I have never been one for spending hours building and tweaking army lists – quite the opposite in fact. I actually think my favourite way of building an army was the army generator from the Polemos Napoleonic rules where you chose the scenario you were going to play and then randomly generate a force for each side. From a historical wargaming point-of-view, it strikes me that commanders very rarely had the forces they wished at their disposal, so had to make do with what they had.

So, when one is not a meta-gamer, getting involved in a deck-building game seems to be a bit of a misstep, as it would seem that the obvious thing to do in Lord of the Rings the card game is to attempt to tailor your deck so that:

  • Many of the cards in the deck synergies with each other
  • The skill and bonuses the deck provides match the particular challenges of the scenario being played.

There have been many thousands of words written around the internet about this approach to playing LOTR:LCG, and whilst I appreciate that:

  • deck building in a game is not only a skill, but is actually a major part of the game for some (if not many) players
  • scenarios are probably designed assuming that players will deck build in this way

it’s not the approach I take when gaming.

For me, LOTR:LCG is not about beating the scenario being played (though it is always a bonus when this happens!). Rather, the game is an adventure experience, and I enjoy the story that unfolds during the game. So instead of having a deck fully prepared for the particular scenario, my thinking is much more along the lines about doing the best you can with what you have available at the time…which is really an excuse for being dealt a random deck of cards at the start of the game rather than spending hours building the ‘perfect’ deck.

There are some rules that I follow:

  • You can only have a deck of 50 cards
  • You only choose cards which match the sphere of the characters you are playing (otherwise you run the risk of not being able to play any cards at all!)
  • You can only use cards from the Core Set, plus the deluxe expansion and associated cycle packs relating to the scenario you are playing.
    • For example: You are playing the ‘Into the Pit’ scenario from the Khazad-dum deluxe expansion. For this scenario, each player can build their deck using cards that are from either:
      • The Core Set
      • The Khazad-dum deluxe expansion box
      • The six packs that make up the Dwarrowdelf Cycle: The Redhorn Gate, The Road to Rivendell, The Watcher in the Water, The Long Dark, Foundations of Stone and Shadow and Flame
    • As I understand it, all cards from a deluxe expansion and associated cycle are designed to work with each other, so this approach seems to make sense.
  • You can choose to add three Gandalf cards to your deck
  • If you are playing with a set of heroes from different spheres, you may also add the appropriate songs to you deck to allow each character to spend other sphere resources when playing cards.

 

The result of this deck building method is that whilst your card deck has a good chance of containing cards that will be useful in the scenario you will be facing, you actually have almost no idea what is in your deck, so you will have to tailor whatever strategy you are playing to the cards you have in your hand. Again, to me this promotes the storytelling aspect of the game with heroes attempting to overcome challenges using what they have to hand, rather than the meta-gameplay aspect of waiting until you draw the deus ex-machina mega-card-combo that you have designed into your deck to deal with monster X or situation Y.

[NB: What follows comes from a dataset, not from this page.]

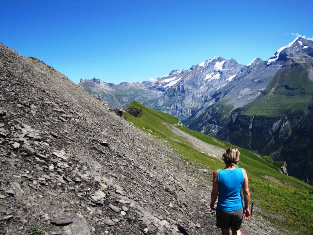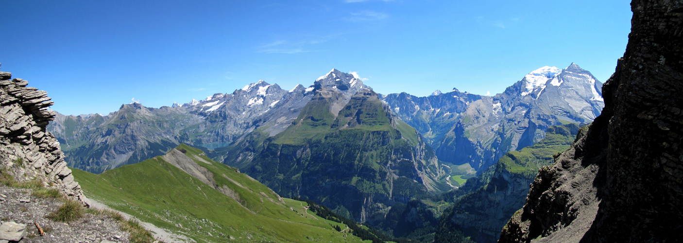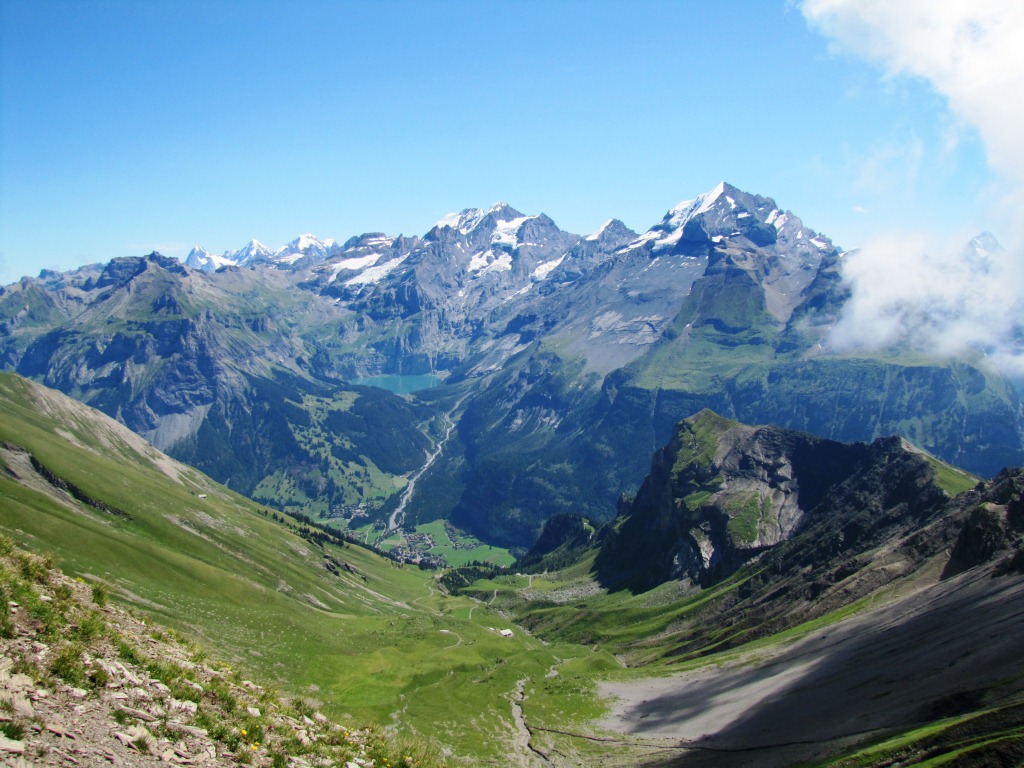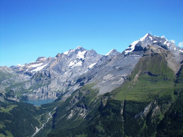 was für ein Panorama. Inmitten der Berner Bergriesen der blaue Oeschinensee Datum 04.04.2013

I admit that this approach will probably lead to more scenario losses, and probably synergies better with the easy game mode, which is more aimed at the adventure and story aspect of the game anyway.

The counter argument of this random deck build approach would be that I am missing an entire (and some would say key) aspect of the game, a.nd probably making the game a whole lot harder than it needs to be.

I think the fact that the LOTR:LCG can support this different style of gameplay, rather than forcing players to deckbuild, to be a strength of its mechanics rather than a weakness. As I have said before, for me, this game is all about the experience of adventuring in Middle Earth, facing the challenges of each scenario whilst spinning a tale of heroism and (more often than not) ultimate defeat and despair – which makes it all the more satisfying when you win!

Playing with a random deck won’t suit everyone, but it fits with my particular approach to playing games, where storytelling is much more important than winning.

1 Comment on Written in the cards – my deck building approach in Lord of the Rings: The Card Game

  1. “For me, LOTR:LCG is not about beating the scenario being played (though it is always a bonus when this happens!). Rather, the game is an adventure experience, and I enjoy the story that unfolds during the game”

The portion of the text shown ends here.